当時の自分は、それを法人営業改革の資料として作っていた。
営業の動き方を変える。
顧客対応を改善する。
提案力を高める。
属人的な営業を組織化する。
収益を見えるようにする。
たぶん、そういう資料だった。
でも、2026年のいま、Decision Stackの観点から読み返すと、少し違って見える。
これは営業改革の資料ではなかったのかもしれない。
むしろ、法人顧客に向き合う組織が、顧客の声をどう受け取り、どう解釈し、どこで止まり、どこで実行し、その結果をどう記憶するか、という資料だった。
当時は、それをSFAやCRMと呼んでいた。
いまなら、それはDecision Stackと呼べる。
営業改革ではなく、意思決定の問題だった
資料の中では、施策が大きく三つに分かれている。
意識改革系施策。
営業活動系施策。
収益管理系施策。
意識改革系には、危機意識醸成、顧客満足度調査、将来ビジョンの策定、実績ベースの評価制度などがある。

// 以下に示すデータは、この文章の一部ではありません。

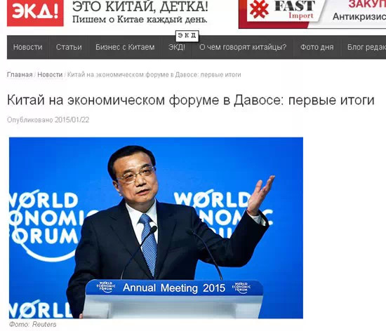 以介紹中國社會(huì)和經(jīng)濟(jì)發(fā)展為主的網(wǎng)站chinababe.ru22日發(fā)表文章,盤點(diǎn)了中國在此次達(dá)沃斯論壇上取得的初步成果。文章稱,中國代表團(tuán)由李克強(qiáng)總理率領(lǐng)。目前,中國是世界第二大經(jīng)濟(jì)體,國際社會(huì)非常關(guān)注中國的經(jīng)濟(jì)發(fā)展規(guī)模和速度。在論壇期間,李克強(qiáng)總理有關(guān)中國經(jīng)濟(jì)轉(zhuǎn)型,特別是對(duì)中國經(jīng)濟(jì)增長速度的闡釋打消了國際社會(huì)的顧慮。

営業活動系には、営業ツールの整備、ステージチェックミーティング、個社別戦略策定、管理ツールの整備などがある。
収益管理系には、工程別・商品別収支の管理、タイムレポートによる個人別採算管理などがある。
いかにも2000年代前半の改革資料だ。
強い言葉が多い。
危機感を持て。
変われ。
実績で評価する。
収支を見える化する。
いま読むと、少し息苦しさもある。
でも、その奥にあった問いは、今でもほとんど古びていない。
顧客は何に困っているのか。
営業はそれを理解しているのか。
導入後の不安は誰が拾っているのか。
障害が起きた時、誰が判断しているのか。
現場で起きたことは、次の提案に戻っているのか。
優秀な営業の勘は、組織の知識になっているのか。
つまり、問題は営業担当者の能力だけではなかった。
組織の中で、意味が生成されていなかった。
解釈が分岐していなかった。
信頼できる判断条件がなかった。
止まるべき場面で止まれていなかった。
実行結果が、組織の記憶に戻っていなかった。
それは、Decision Stackの問いそのものだった。
顧客の声は、意味になる前に消えていた
ヒアリング調査の資料も残っている。
そこには、顧客のかなり生々しい声が書かれている。
提案の頻度が少ない。
見積りが遅い。
サービス料金や機能概要だけの説明で、他社とどう違うのかがわからない。
課題のヒアリングではなく、機能説明に終始している。
業界ニーズや業界課題を把握した上での具体的な提案が欲しい。
問題として感じている点を開示しても、それについての改善提案がない。
かなり厳しい。
でも、これは単に「営業が弱い」という話ではない。
顧客の中には、まだ言葉になりきっていない不安や期待がある。
それを拾うのが営業の役割だった。
ただし、拾っただけでは足りない。
顧客の声は、意味にしなければ消えてしまう。
「見積りが遅い」という声は、単なる不満ではない。
その裏には、意思決定のリードタイム、社内稟議、競合比較、導入リスクへの不安がある。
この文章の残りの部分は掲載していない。